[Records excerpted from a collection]
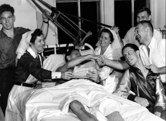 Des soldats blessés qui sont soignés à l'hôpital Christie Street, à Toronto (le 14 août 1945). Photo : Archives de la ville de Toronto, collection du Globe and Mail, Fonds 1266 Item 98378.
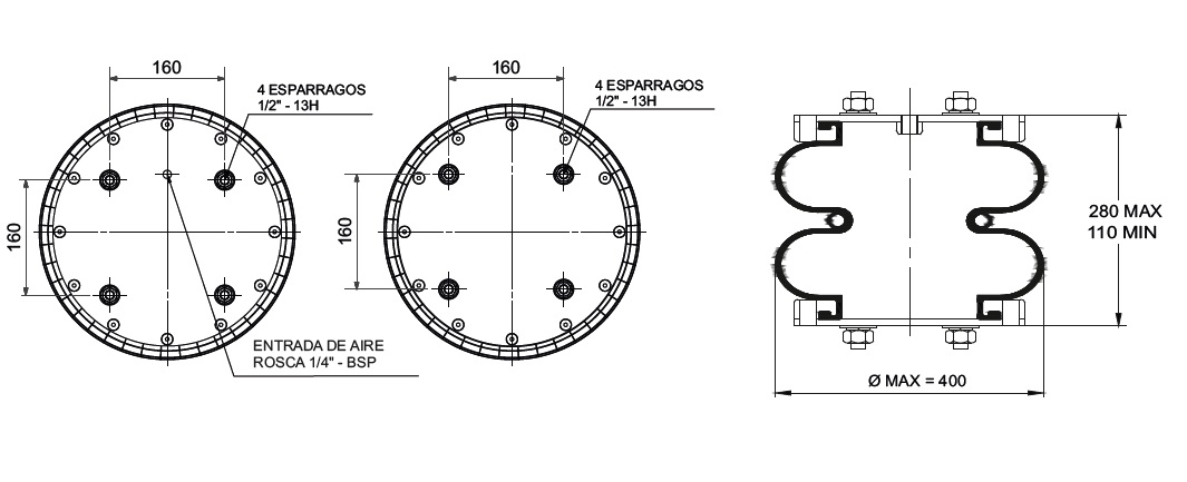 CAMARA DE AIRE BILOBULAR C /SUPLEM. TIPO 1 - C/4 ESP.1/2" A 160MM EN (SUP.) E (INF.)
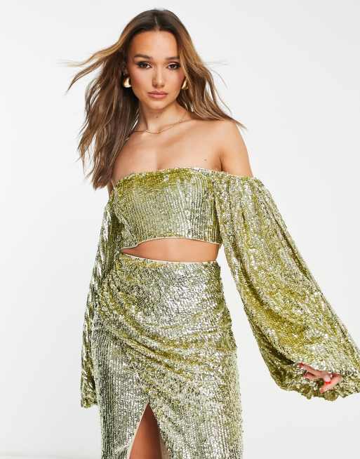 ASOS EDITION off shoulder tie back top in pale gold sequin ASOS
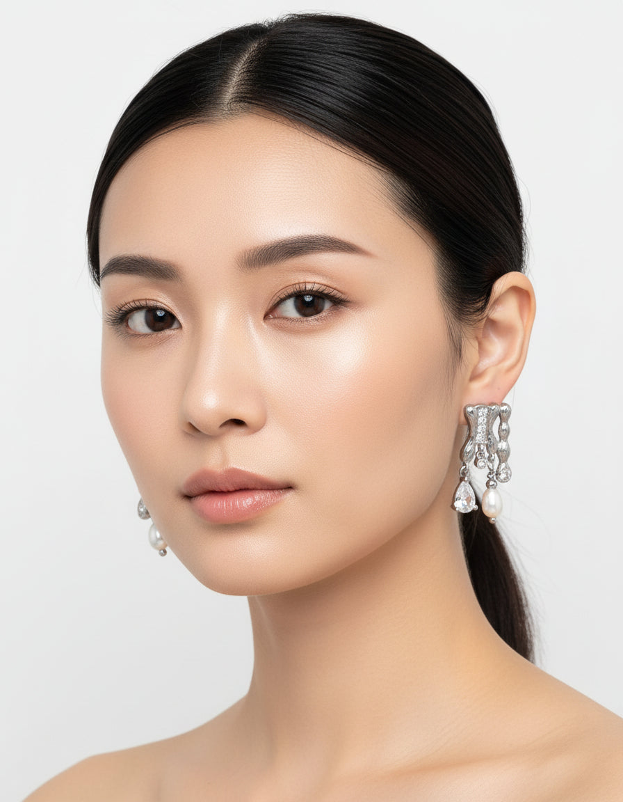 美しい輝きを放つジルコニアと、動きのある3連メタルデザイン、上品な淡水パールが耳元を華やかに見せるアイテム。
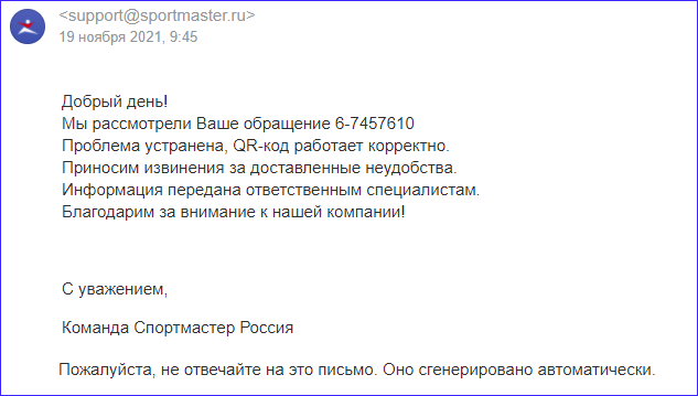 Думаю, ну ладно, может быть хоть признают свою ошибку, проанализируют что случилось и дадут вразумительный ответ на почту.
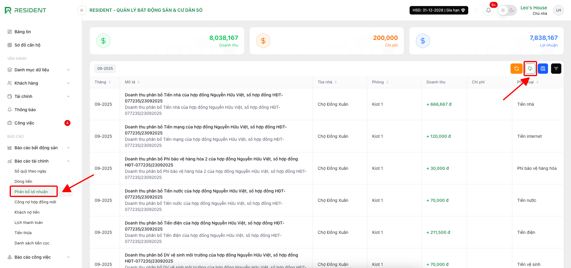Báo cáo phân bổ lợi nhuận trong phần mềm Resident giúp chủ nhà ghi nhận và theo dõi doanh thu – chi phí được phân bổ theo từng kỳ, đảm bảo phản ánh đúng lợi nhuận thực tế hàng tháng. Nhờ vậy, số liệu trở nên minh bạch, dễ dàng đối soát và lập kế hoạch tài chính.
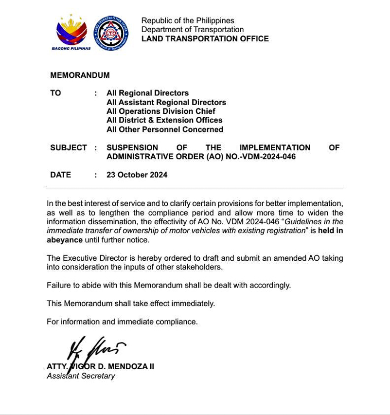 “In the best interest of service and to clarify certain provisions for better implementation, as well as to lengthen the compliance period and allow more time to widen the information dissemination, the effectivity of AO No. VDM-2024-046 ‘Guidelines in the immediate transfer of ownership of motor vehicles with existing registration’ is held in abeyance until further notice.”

To do: No pictures belong in the copy. Retype exactly, and only, the lines from the line containing "Báo cáo phân" through the last line of the data, both included.

Response box:
Báo cáo phân bổ lợi nhuận trong phần mềm Resident giúp chủ nhà ghi nhận và theo dõi doanh thu – chi phí được phân bổ theo từng kỳ, đảm bảo phản ánh đúng lợi nhuận thực tế hàng tháng. Nhờ vậy, số liệu trở nên minh bạch, dễ dàng đối soát và lập kế hoạch tài chính.
 “In the best interest of service and to clarify certain provisions for better implementation, as well as to lengthen the compliance period and allow more time to widen the information dissemination, the effectivity of AO No. VDM-2024-046 ‘Guidelines in the immediate transfer of ownership of motor vehicles with existing registration’ is held in abeyance until further notice.”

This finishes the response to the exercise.